Although the prevalence of stunting in toddlers in Indonesia has decreased from 36.8% in 2007 to 35.6% in 20102, it remains a public health problem because it has exceeded the limit for stunting in toddlers (20%) established by the WHO3. The main problem is caused by low nutrient intake1,4. Several studies have reported that low protein intake is associated with stunting in children. Inadequate energy intake is also significantly associated with stunting in toddlers5,4. The basic determination of stunting as a health problem among toddlers is its prevalence, which is more than 5%. Stunting among toddlers is considered a serious public health problem when its prevalence is between 10.1-15% and it is considered a critical problem, its prevalence is above 15.0%3. On a national scale, the prevalence of stunting among toddlers is 13.6%, indicating that it is still a serious public health problem in Indonesia.

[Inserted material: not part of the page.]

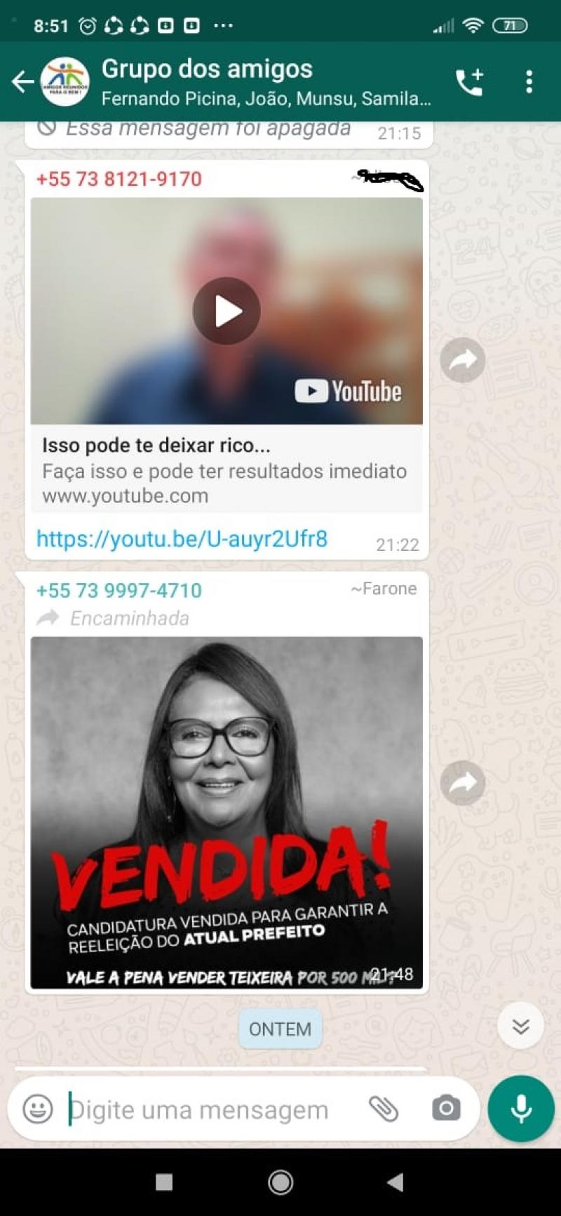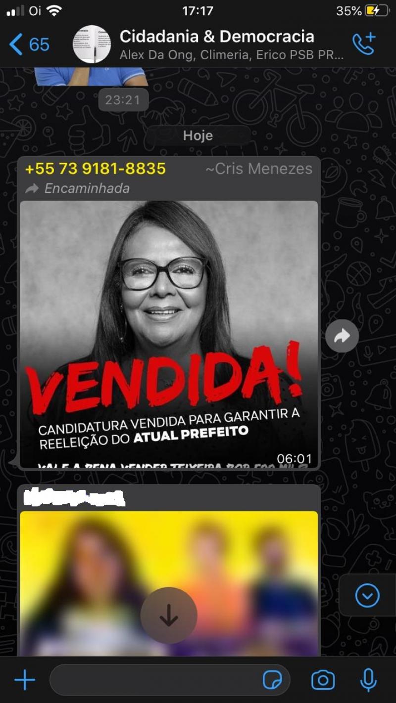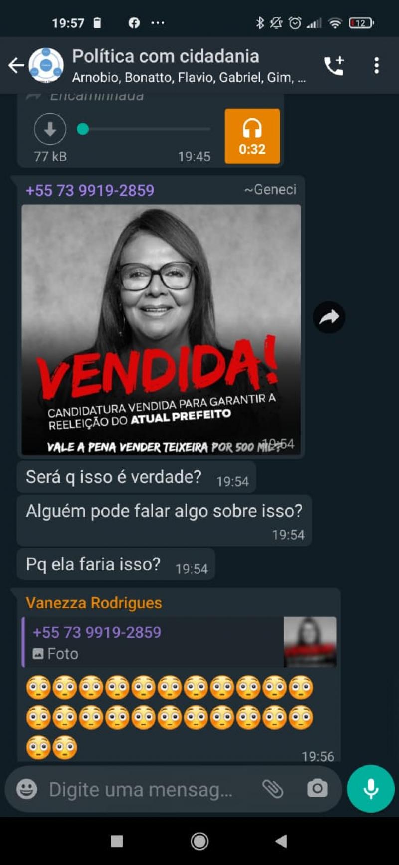 Confira o relato feito pela candidata Marta Helena na delegacia de polícia “ INFORMA A COMUNICANTE MARTA HELENA LEAL, ACOMPANHADA DO SEU ADVOGADO FELIPE SANTOS BRITO OAB xxxxx, QUE VEM SENDO INJURIADA ATRAVÉS DE UM GRUPO DE WHATSAPP COM O No 73-99919-2859 GENECI NO GRUPO POLITICA COM CIDADANIA, E OUTRO No 73-99181-8835 CRIS MENEZES NO GRUPO CIDADANIA E DEMOCRACIA, E OUTRA COM O No 73-99997-4710 FARONE, NO GRUPO DOS AMIGOS. QUE A COMUNICANTE É CANDIDATA A PREFEITA DESTA CIDADE E TEVE CONHECIMENTO DAS SEGUINTES POSTAGENS: ”VENDIDA, CANDIDATA VENDIDA PARA GARANTIR A REELEIÇÃO DO ATUAL PREFEITO, VALE A PENA VENDER TEIXEIRA POR R$ 500 MIL?”. QUE OS REFERIDOS GRUPOS SÃO DE OPOSIÇÃO A COMUNICANTE. É O REGISTRO. ”.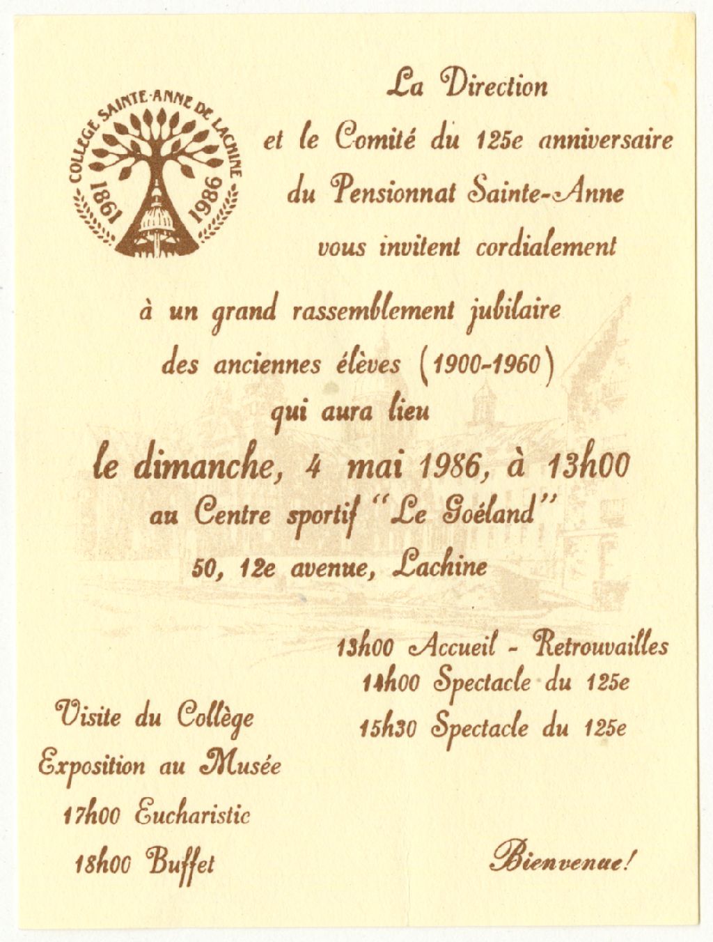 Invitation au rassemblement des anciens élèves du collège Sainte-Anne de Lachine

One action that has been taken to improve nutrition is providing supplementary food, such as modified cassava flour (mocaf) tempeh date biscuits. This biscuit was chosen because it contains high levels of protein in the form of soybeans (tempeh), glucose (date), vitamins A and C and Fe to increase appetite. The theoretical basis for supplementation with this biscuit was demonstrated in the first study of stunting in Depok in 2010 and by two studies of tuberculosis (TBC) toddler malnutrition in Depok and East Jakarta in 2012 after 4-6 weeks of intervention. Three studies reported increases in weight and height of 1.3 kg and 0.7 cm, 0.7 kg and 1.7 cm, 0.4 kg and 2.4 cm, respectively6-8.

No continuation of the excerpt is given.